Of course there are many other signals that can raise a red flag, but this and it's cosmic connection to the effects lept to mind. I'm sorry for such a sh**ty example. :D

So if you're not using a toilet brush and I'm next, know that your software is next under the spotlight. ;)

Disclaimer: Be very careful when walking this path. What if you're wrong? What if you're interpreting the subtle signals wrongly? Two tips:

  • Start with the more prominent signals. Be sure.
  • Notice a pattern before making a judgment!

Those apply quite nicely on software too. If you manage to do this with people, doing it to software is cakewalk. I'd however advice you to start vice versa. So, third point:

  • Software first, then people.

One more:

  •  You're not perfect either. ;)

And just to remind you; Do not pass judgment on people, but their actions! Where you can and should indeed pass judgement on a software itself, an idea of it and everything it does, you cannot roam in such freedom with people. Take care and responsibility of your actions and - whatta you know! - you start to do things better.

Ok, I've written a heap of text that spans for several days, that has been edited for several times and might miss it's point badly. It's slightly insane and very dangerously interpretable so I'm contemplating if I shoud even publish it. If you see it, you know I've made a decision... ;)

Quote time! One of my favourite comic characters hits the big screen on 21th of September, so let's give room for the king of badasses. He does pass judgment on people themselves, but life's different in post-apocalyptic world... ;)
"It's judgment time!" -Judge Dredd
Yours truly,

Sami "Judge Sir Blom" Söderblom


  1. Glad you published, funny and thought provoking!

    So a couple of thoughts that were provoked:

    On the toilet brush, different people can be sloppy in different ways:
    - The guy who leaves his business into the toilet, might be a germ-a-phobic and thus cannot use another peoples toilet brush (beware for time spent on refactoring 10 times after each code edit).
    - some people who are really "neat" might not want to work with other "messy" people (beware for integration issues)

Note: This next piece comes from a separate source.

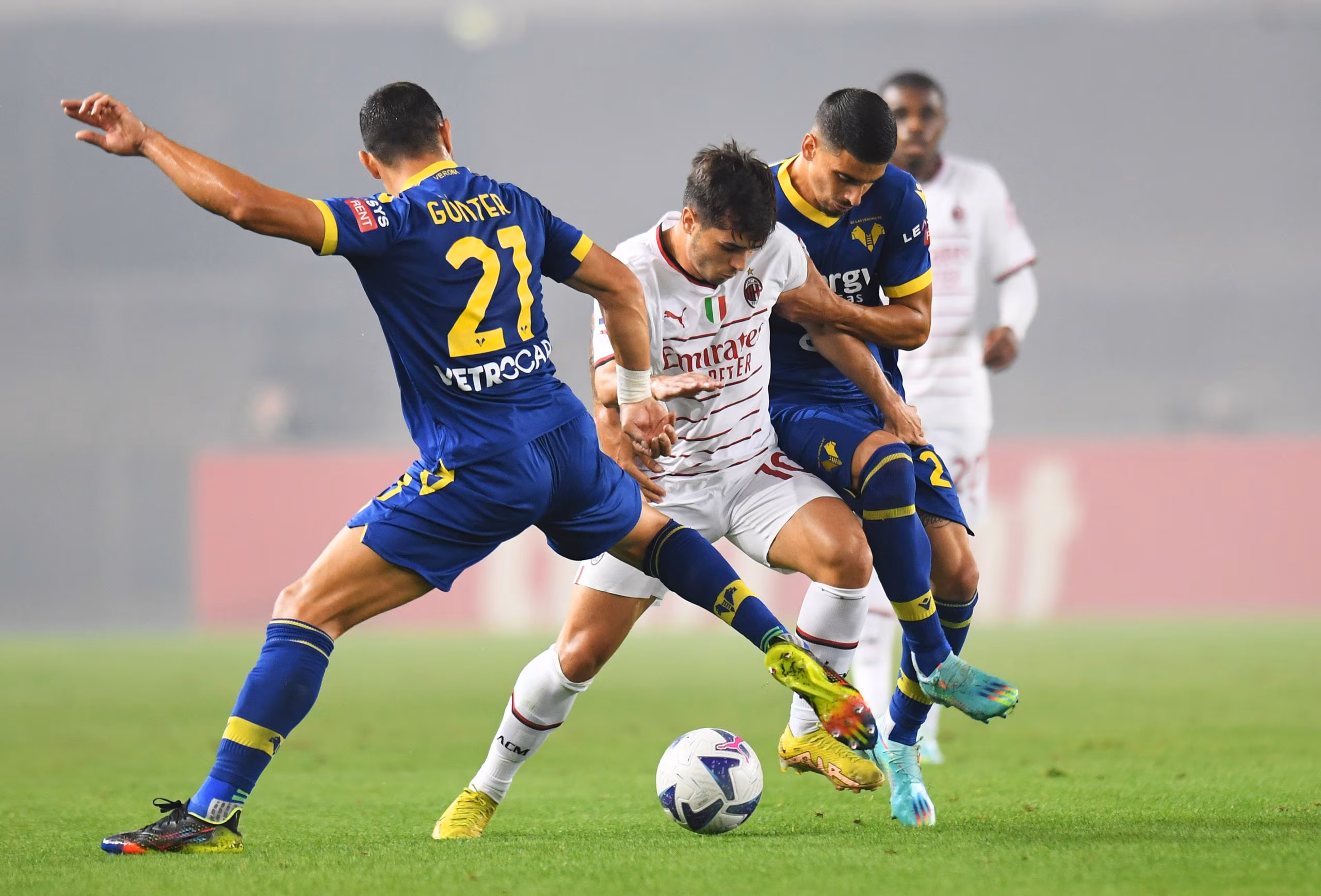VERONA, ITALY - OCTOBER 16: Brahim Diaz of AC Milan battles for possession with Koray Gunter and Fabio Depaoli of Hellas Verona during the Serie A match between Hellas Verona and AC MIlan at Stadio Marcantonio Bentegodi on October 16, 2022 in Verona, Italy. (Photo by Alessandro Sabattini/Getty Images)
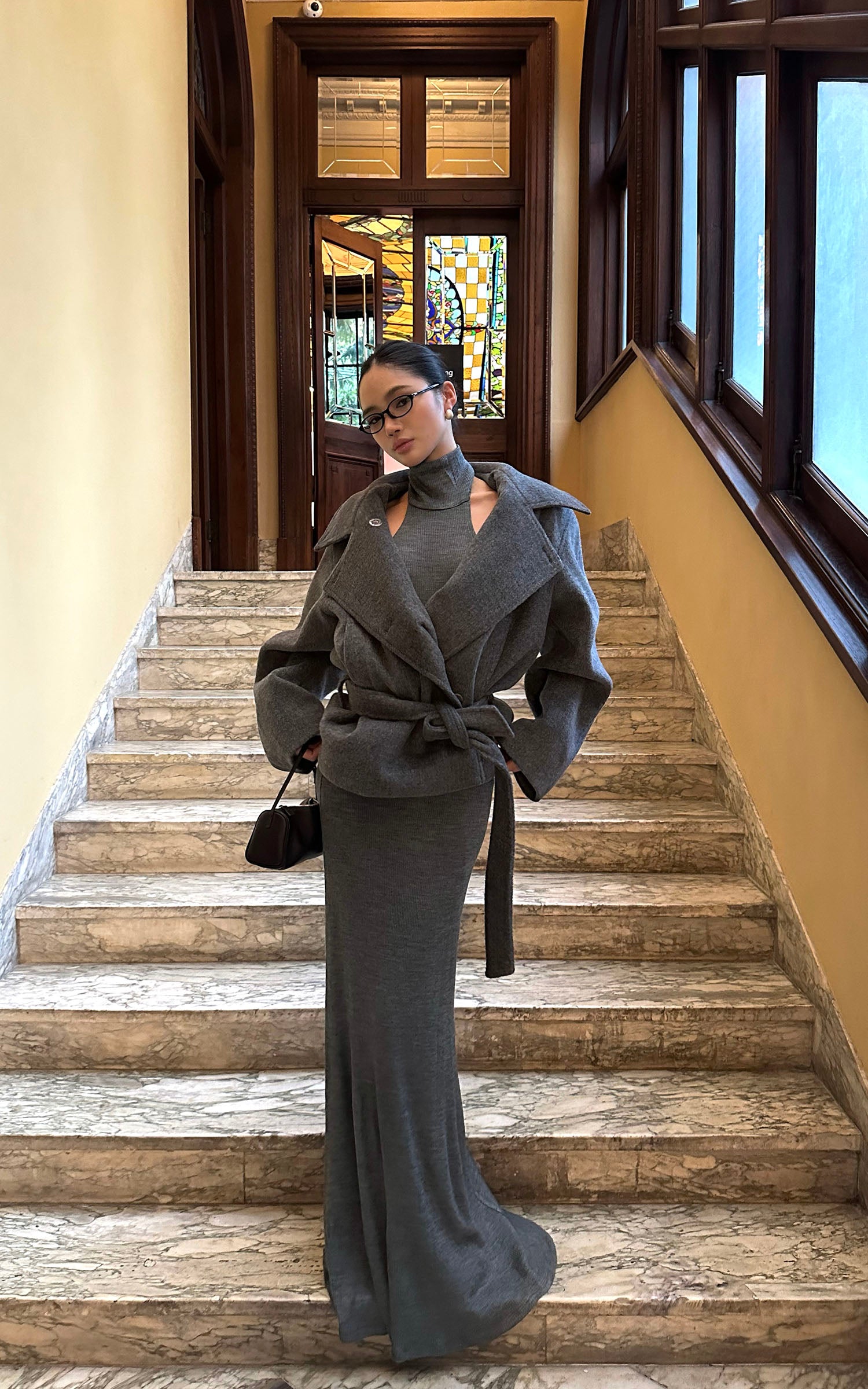 ROVENTE Knit Maxi Dress Two Piece Set with Drape Shawl

    "You're not perfect either." Couldn't agree more. It is really easy as a tester to fall into the trap of know-it-all smartass. As we kind of deal in the business of hindsight (=jälkiviisaus).

    "Have you had so much to drink on the weekend that you forgot to wear shoes to work"
    Mondays aren't really working days, right?

    Yours truly,
    Sloppy, toomuchontheweekenddrinking, but still toilet brush using (cmoon we live in a society!) tester

  2. Thanks Anssi! I really struggled if I should post it or not. I'm glad I did. :)

    Root cause is a funny thing. We see an effect which is often a software bug. We start to wonder why did this happen so we track the problem to code, design, architecture, whatnot. Social suspicion takes it a little further; Why did the design fail? Could it be that the designer didn't bring his a-game? Why is that? A hangover? General sloppiness? What? And what is the reason for that? And the reason for the reason? And then?

    I see a gradient forming. A gradient from computer science to behavioral psychology. Advanced root cause analyisis might be just that and I'm beyond fashinated where it takes the industry that is software testing.

    Exciting times ahead!

  3. I suggest:

    A heuristic is a fallible method of solving a problem or making a decision.

    An oracle is a heuristic for recognizing a problem once it has manifested.

    These are simple, usable definitions, at least for me. Personally, I find the Kaner/Hoffman view on oracles to be a bit simplistic and narrow and pandering to less intelligent people, but not terribly wrong.